По всему поезду разнеслась весть о медицинских способностях девушки из желтого вагона, о том, что она везла в чемоданчике лекарства, а ее руки умели накладывать швы и повязки, и со всех концов к ней на осмотр потянулись скорбящие всех мастей, которых Эмилия могла только выслушать и дать рекомендации на будущее, чтобы, когда они доберутся до места, они нашли такую-то траву и такой-то порошок.
Одна женщина из ее вагона уже четыре дня лежала скрючившись на полу, после того как у Эмилии в первое же утро закончились обезболивающие, а на третий день – слова утешения при виде ее страданий.
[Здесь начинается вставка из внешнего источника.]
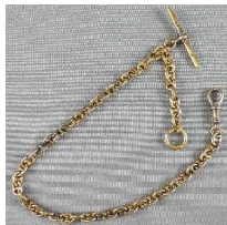
Lot # 491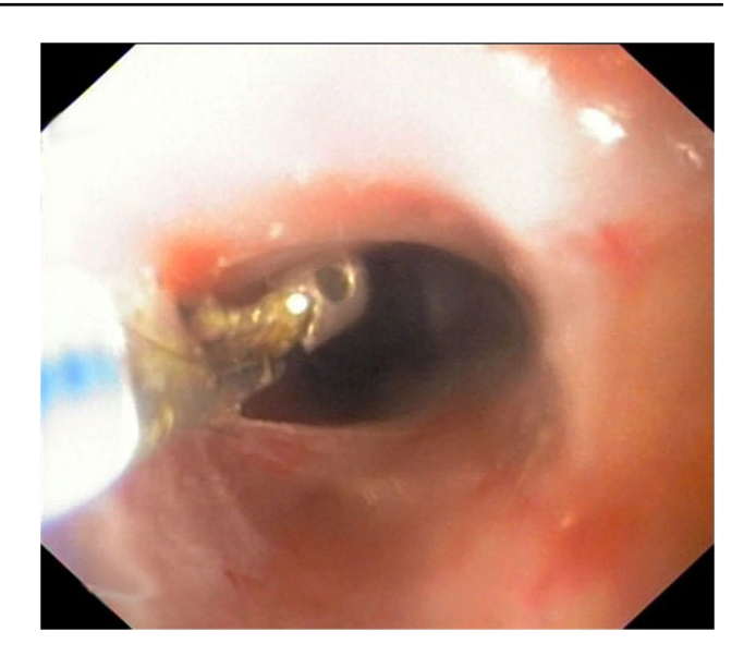
Fig. 3 Endoscopic view showing the oesophageal diameter after the second procedure. The forceps have a cup diameter of 7 mm

information the cat was asymptomatic up to 6 months after the last oesophagoscopy.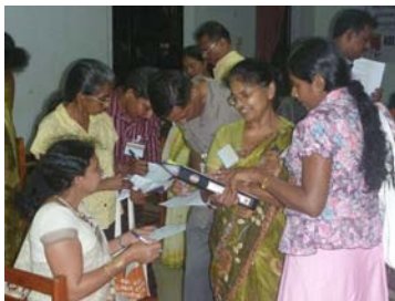
Teachers enjoy networking session

The teachers were then immersed in a networking task which encouraged them to mingle with, talk to and get information from their fellow teachers. This valuable exercise meant that at the end of the session they had compiled a useful list of new contacts and information on how other schools were managing and developing their global partnerships.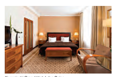
Kempinski Grand Hotel des Bains

d'Oro,' awarded an impressive 15 Gault Millau points, specialises in innovative variations on traditional Italian dishes. Its combination of traditional sophistication, superior service, contemporary furnishings, and vibrant modern paintings creates an ambience which is both comfortable and stylish. The guestrooms are modern and welcoming, using the warm tones of cherry wood and a soft colour palette to soothe and contrast with the brilliance of the natural landscape outside. For the ultimate indulgent experience there are two opulent suites; located in the towers of the hotel, they are flawlessly appointed in refined colour schemes of golden tones, rich reds, and champagnes befitting royalty. The Kempinski Grand Hotel des Bains offers the discerning quest a luxurious pampering experience in an idyllic location throughout the year.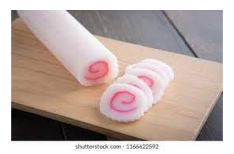
Fig 2. Kamaboko Source: www.shutterstock.com [14]

Kamaboko, a fish processed product made from surimi or crushed meat from Japan in the form of gel, is chewy and elastic [13].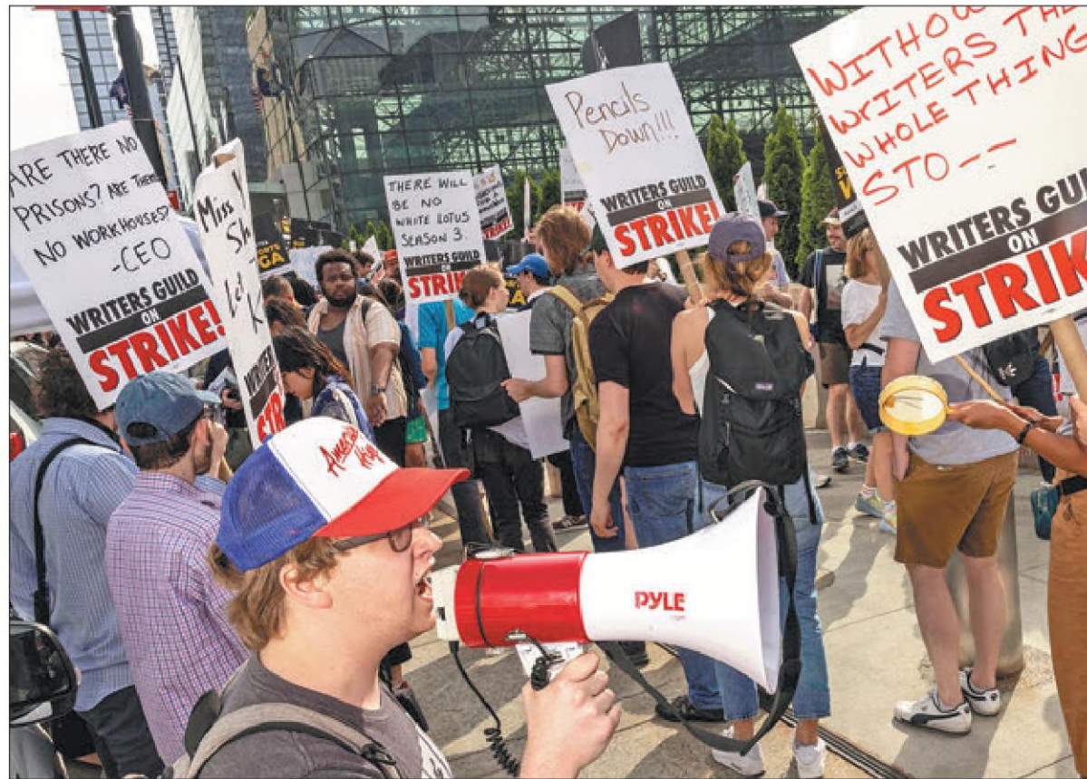
Members and supporters of the Writers Guild of America form a picket line in New York, on Tuesday. The strike kicked off on May 3, with writers demanding better pay.

Biden's negotiators also proposed essentially holding military spending flat for next year. Biden's budget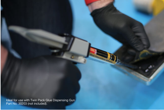
Ideal for use with Twin Pack Glue Dispensing Gun, Part No. 30203 (not included).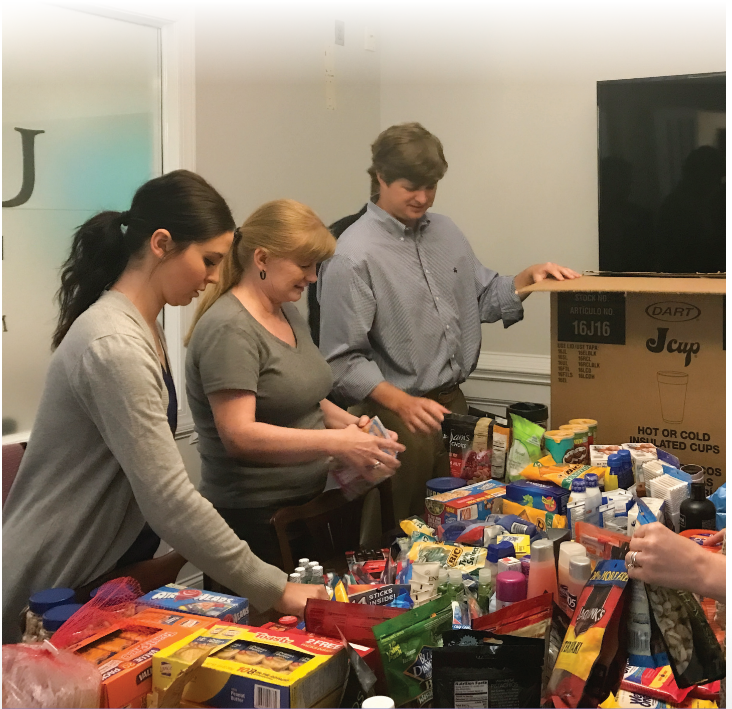
Associates gather non-perishables and supplies for our military troops.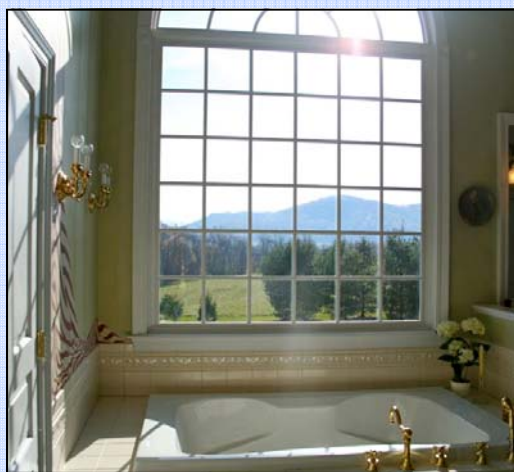
Master bathroom view.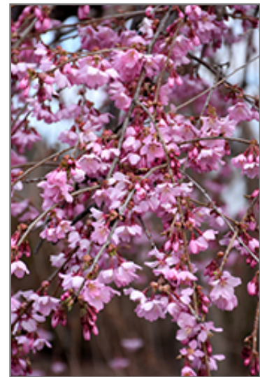
Pink Cascade Weeping Cherry flowers

Pink Cascade Weeping Cherry is recommended for the following landscape applications;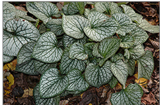
Jack Frost Bugloss foliage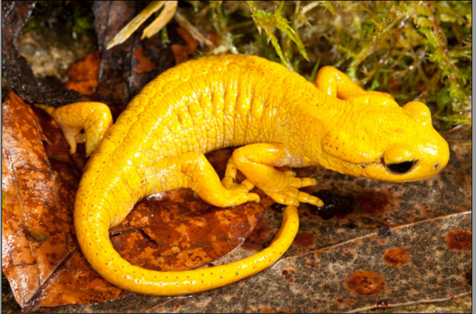
Salamandra salamandra bernardezi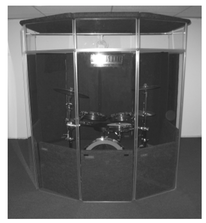
Your IsoPac is now complete!

Please contact us should you have any questions or concerns about IsoPac assembly or operation. Thank you for using ClearSonic products. 800.888.6360 / info@clearsonic.com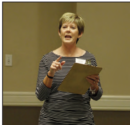
Let's Boggie, have fun!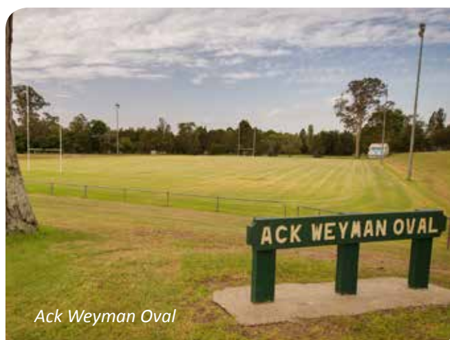
Ack Weyman Oval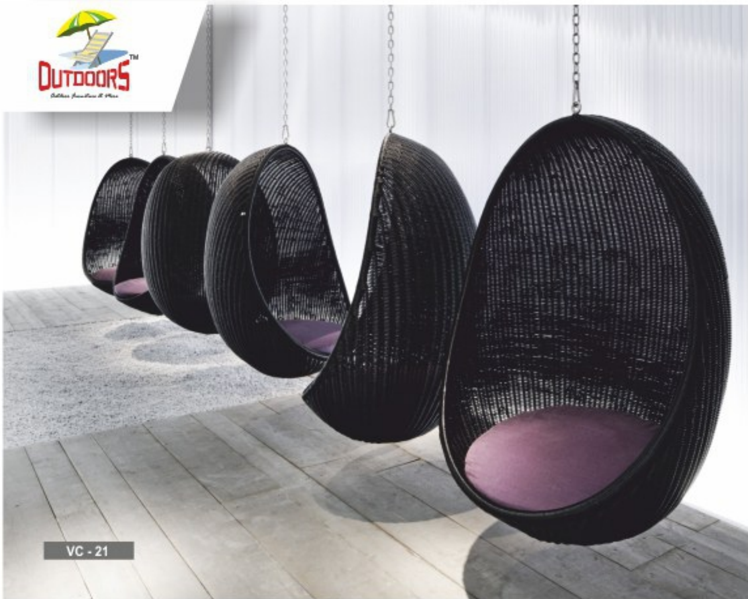
VC - 21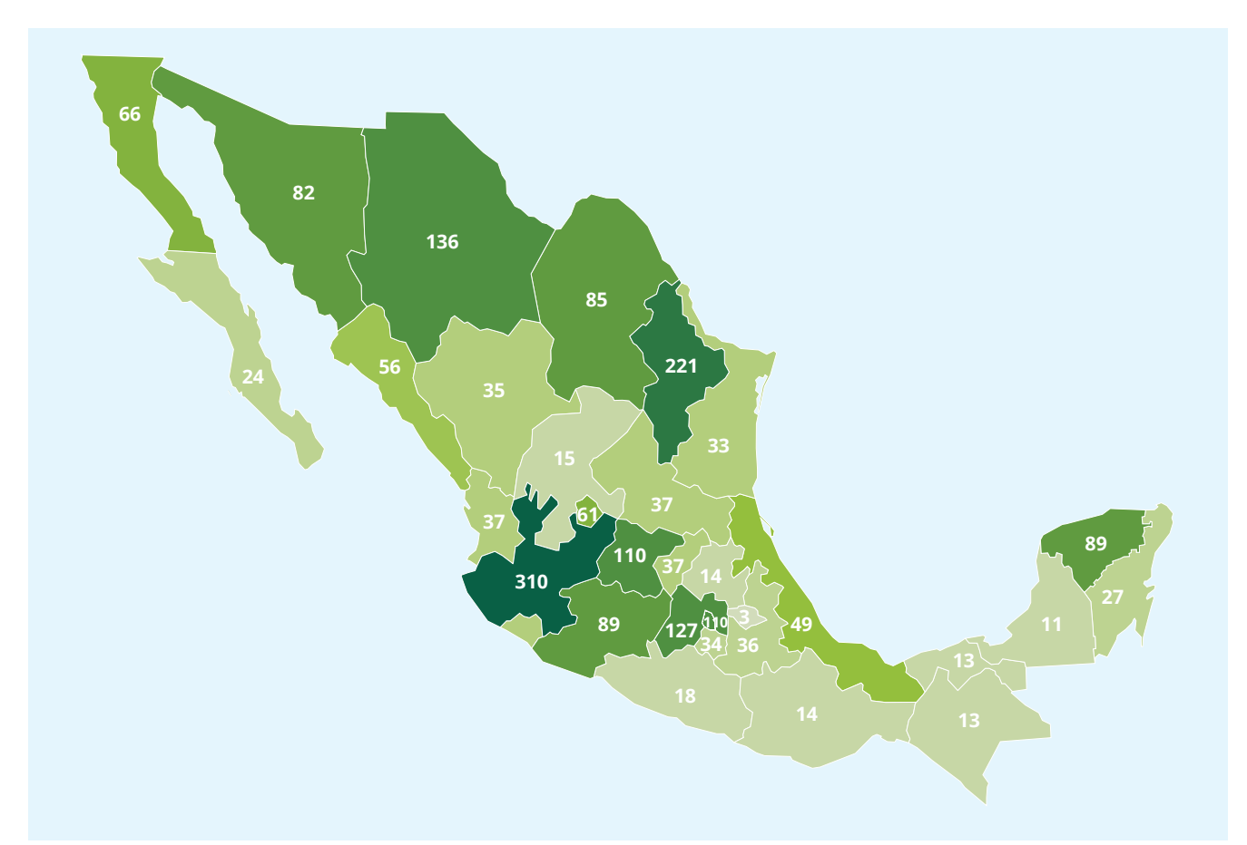
Figure 3. Distributed generation capacity in Mexico per state (MW) (2021).

Support policies that foster the installation of DG in and by households, small businesses, and local cooperatives are key to the just transition. DG contributes to a just transition by generating benefits for the local community; it allows communities to generate their own energy, reduce their dependence on the centralized power grid, and reduce both local pollution and greenhouse gas emissions.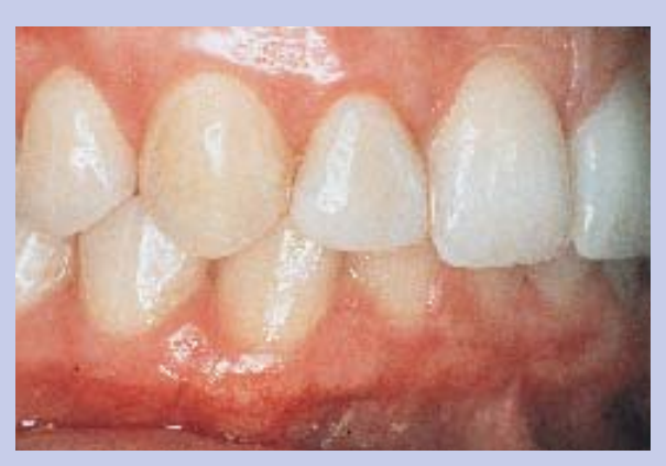
Figure 2R—Right side final restoration. The harmony between teeth is excellent. Tooth No. 7 received a bonded restoration. Compare to Figure 2D. (Restorative dentistry courtesy of Dr. Jon Chadys, Monroe, Conn.)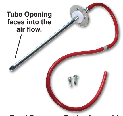
Total Pressure Probe Assembly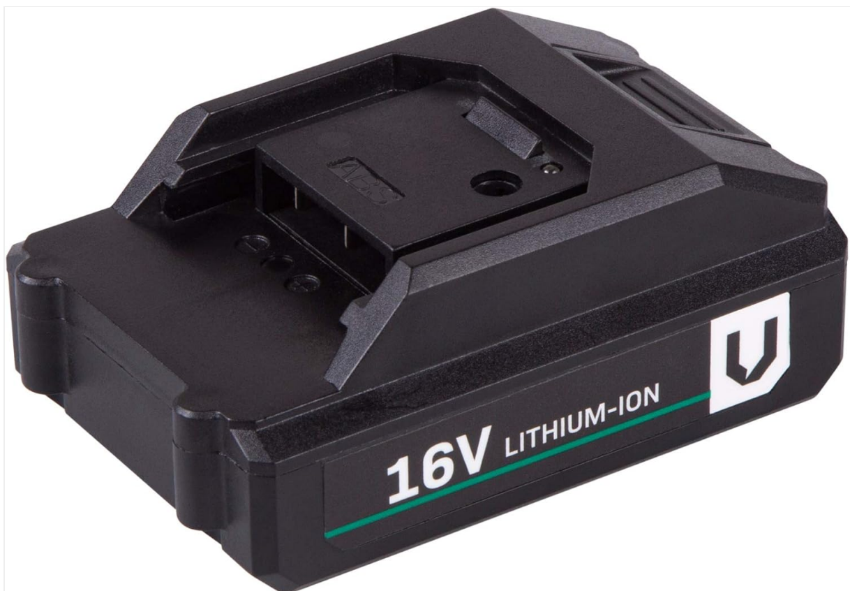
Figure 2: Angled view of the VONROC 16V 1.5Ah Lithium-Ion Battery, highlighting its compact design and connection interface.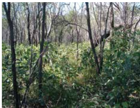
Image 4 – Showing the timber thickening problem that seriously reduces grass production.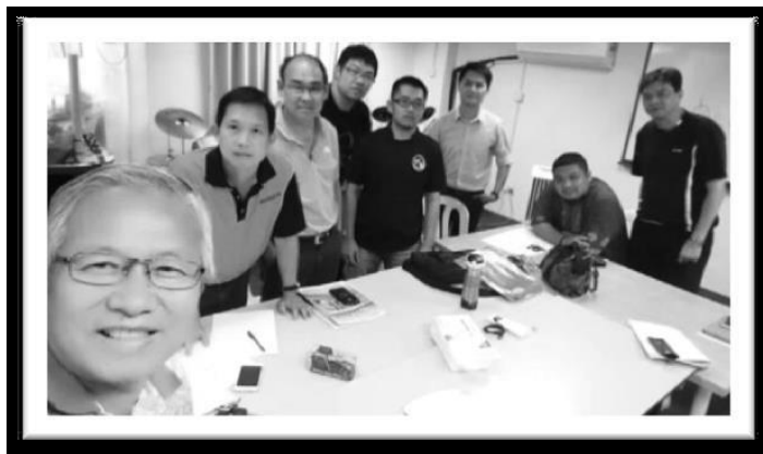
Yi Sheng Building Committee Meeting on 6/8/2018 @ Life SOAR Centre, Wisma Methodist, K.L.

Philippians 1:5 "For your fellowship in the gospel from the first day until now; 1:6 Being confident of this very thing, that he which hath begun a good work in you will perform it until the day of Jesus Christ:"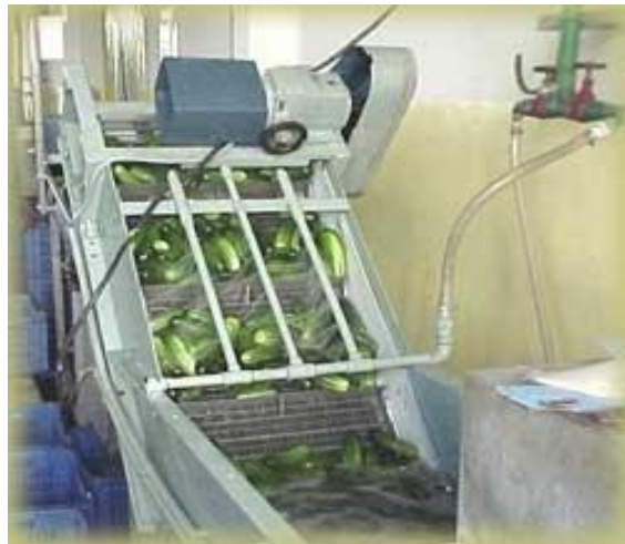
Brushwasher for Gherkins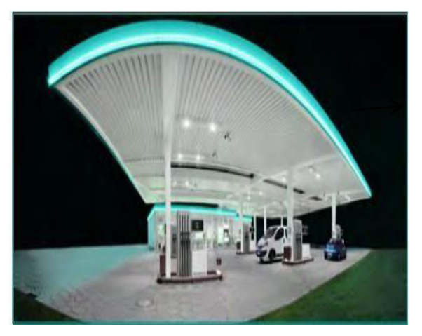
Fig. 2 Petrol Pump

The electronic valve is provided to stay the tanker opening block until it get the aperture order from the LPC2148.The RFID assembly reads the authentication code of the petrol pump by swapping the consumers tag over the RFID tagged at the petrol pump and send it to the control unit so as to update the database also on authenticate the customer who is inductively authorizing the petrol.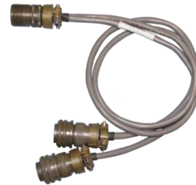
Figure 1-3.4 BTA-70816 (CX-13560/G) For use with DC Hummer Cable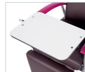
Patient table detachable and movable, at right hand side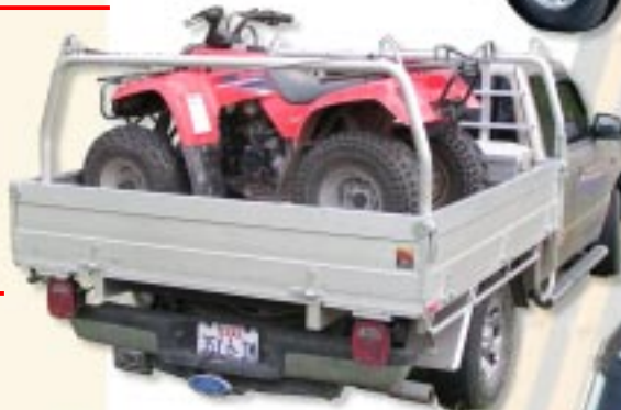
Medium-size truck (Ford Ranger) with 6'8" x 6' drop-sides Ute Bed®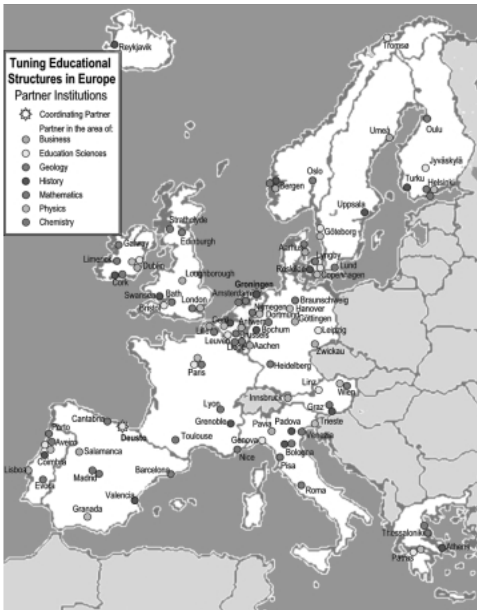
Map of the Tuning Member Institutions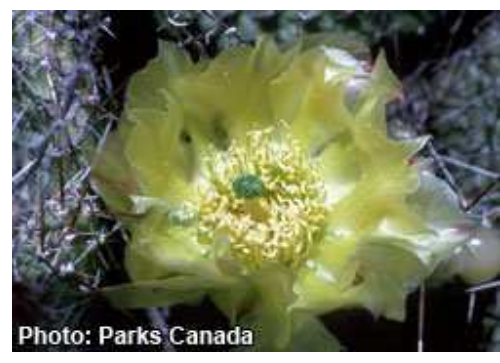
3 A prickly pear cactus in Grasslands National Park, Sask.

There are also small but significant steps that private individuals can follow to help restore and preserve Canada's remaining grasslands, as well as other critical habitats. These are just a few suggestions for encouraging a healthy habitat, no matter where you live in Canada: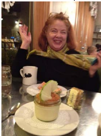
The Smuggler's Daughter www.smugglersdaughter.com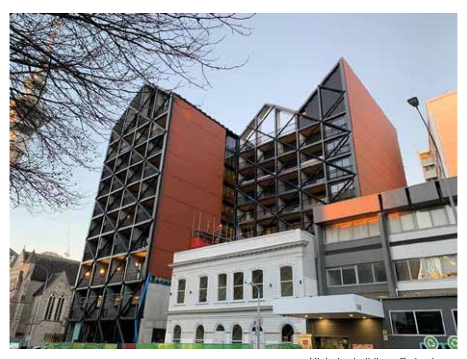
High rise building offering hope.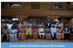
A cross-section of invitees to grace the occasion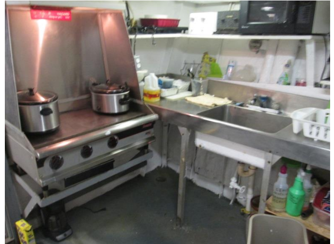
The ship's galley – Where good food is served!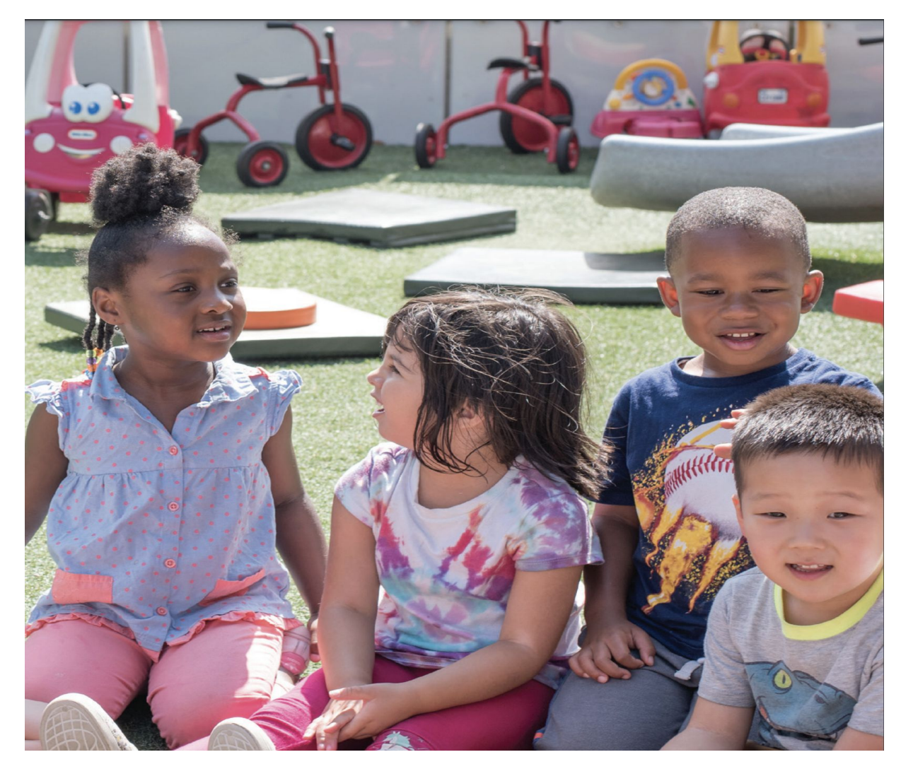
Source:2019 Best Starts for Kids Annual Report

In Burien, current child-care benefits are limited and restrictive (e.g., financially, geographically, etc.). The people who most need the benefit are not able to access because of systemic barriers. The issue is about providing affordable, high-quality childcare to individual families and addressing the broader social and economic impacts (reduced labor force participation and productivity, limitations to better job opportunities, unequal access to services) to the community, as a result of the lack of accessible, affordable, high-quality childcare.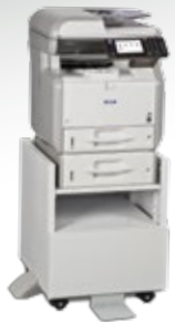
Standard Tray with one 500 Sheet Tray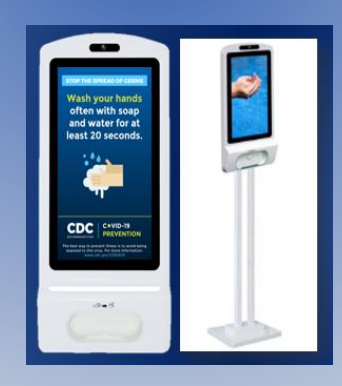
Sanitization & Health Promotion

Она прокляла то время, что провела в Чикаго, говоря себе, что это был не лучший способ изучать медицину, чтобы жить потом среди бедняков, и, собрав все свои силы, попыталась вспомнить, как лечить, не имея под рукой никаких средств. Но все свои знания она уже исчерпала, поэтому просто села на корточки подле этой женщины, стонавшей тихонько, как умеют те, кто с рождения знает, что их долг – никому не мешать. Так она и сидела, страдая от своей неспособности помочь, когда к ней подошла маленькая сгорбленная старушка и сказала, что может кое-что сделать. Эмилия посмотрела на нее, уверенная, что у той, вероятно, были причины так говорить, и подвинулась со своими бесполезными, как она считала в последнее Бремя, кабинетными знаниями, чтобы освободить место волшебству. Она назвала старушке свое имя и с благоговением спросила, может ли она остаться и посмотреть. Знахарка небрежно кивнула головой, как отгоняют муху, и, сняв накидку, открыла сильные молодые руки, никак не вязавшиеся с ее старым и на первый взгляд слабым телом. Этими руками, в которых она ничего не держала, она начала ощупывать голову больной очень медленно, будто искала те места, где нужно задержать подушечки своих пальцев. Потом она спустилась на затылок, на веки, на впадинку между большим и указательным пальцами левой руки, на какую-то точку на ступнях ног, на них она задержалась дольше, чем где бы то ни было. Понемногу женщина перестала стонать и смогла уснуть впервые за последние несколько ночей.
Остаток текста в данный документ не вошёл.